BRYN MAWR, Pa. - For the conclusion of Women's History Month, The Bryn Mawr Athletics Department would like to highlight one of the most influential women in the department's history, Constance M.K. Applebee. Throughout her life, Applebee was a Bryn Mawr athletic director, coach, founder of the United States Field Hockey Association, female sports activist, International Women's Sports Hall of Fame inductee, and author. She was born by the name Katherine Mary on June 4, 1873, in Chigwell, Essex, England. While in her home country, she learned and taught the game of field hockey before coming to the United States to pursue an education in athletics and spread the sport worldwide.

In the United States, she embarked on a tour of the women's colleges in the Northeast to share the sport of field hockey. During her tour, Applebee visited Bryn Mawr College, where she would soon spend the next 25 years of her career, beginning in 1904. At Bryn Mawr, Applebee served as director of outdoor sports and was later asked to take over the physical education department. Prior to Applebee, athletics and team sports were separate from physical education and were controlled entirely by the students who did not understand the formal rules of the games. Applebee taught the students sportsmanship as well as the standardized rules to increase participation and advance gameplay.

She was said to believe that women's participation in sports contributed to their empowerment. In the Bryn Mawr Alumnae Bulletin from the summer of 1977, she is quoted as saying, "You want all these students to go out and do something in the world, to get the vote. What's the good of their having the vote if they're too ill to use it?" Applebee believed that every person should have the opportunity to participate in sports. With this philosophy, she went on to organize 50 teams to play interclass competitive basketball, and introduced field hockey, lacrosse, water polo, track, tennis, swimming, fencing, archery, and badminton to Bryn Mawr College. 

Applebee's activities on campus were not limited to athletics. She contributed to various aspects of May Day planning including costume design, supervising plays, training in traditional dances, and serving as festival director. Just three years after her joining the department, Applebee was said to convince the College's president to start a formal health department offering regular doctor's examinations and monitoring. In 1915, she assisted a group of students in their desire to create The College News where she served as faculty advisor for five years until the publication was firmly established. As demonstrated through her many instances of involvement throughout campus, Applebee was a constant and familiar face to students, athletes, and faculty and was affectionately referred to as "Apple".

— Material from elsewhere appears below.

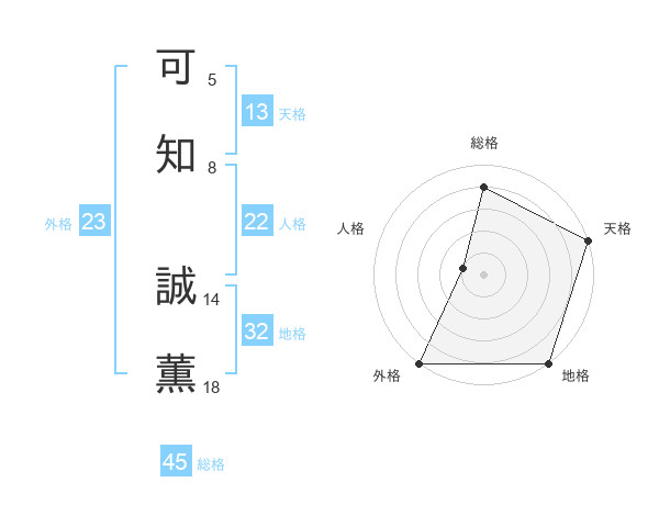 可知 誠薫さんの総格は45画の4点!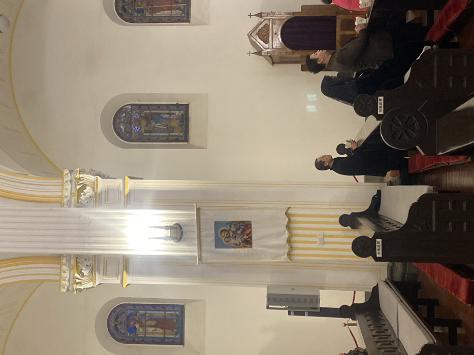 The interior of a church in Qing Dao Shi, China, located at the coordinates 36.068, 120.315. The image shows a white-walled interior with arched ceilings. There are two stained-glass windows on the right wall, with figures depicted in them. A large pillar is in the center of the image, with a white banner with a painting of Mary and Jesus hanging on it. The pillar is decorated with yellow-and-white stripes at the bottom. Wooden pews are in the foreground, with two people kneeling in prayer. One person is wearing a black jacket and the other a black dress. The church floor is wooden, and there are red carpets in front of the pews. A wooden stall with a brown curtain is in the background, on the right side of the image. There are several people in the background on the right, sitting and praying. The pews are labeled in Chinese, with the text "请随意坐" (Please feel free to sit).

Applebee was well known, respected, and admired around the world, and she was recognized as one of the most prominent female figures to introduce and promote the sport of women's field hockey in the United States. In 1922, she helped found the United States Field Hockey Association. Additionally, she was an editor and publisher of a magazine for women athletes, Sportswoman, for ten years. The U.S. Women's Lacrosse Association was established at Applebee's field hockey camp in the summer of 1931, demonstrating her involvement in the development of lacrosse as a women's activity in the United States. In 1991, Applebee was inducted into the International Women's Sports Hall of Fame because of her influence in the history of athletics. She did not retire until the age of 94, and she lived to 107.

Still to this day, Applebee has had a lasting impact on Bryn Mawr College. The Applebee field, named after her, are where soccer, field hockey, and lacrosse play in honor of the woman who made their existence at the College possible. The College Library also holds a catalogue of her personal belongings within their archives. The Bryn Mawr College Athletics Department are forever grateful for the tireless work and efforts of Constance M.K. Applebee and her legacy on women's sports.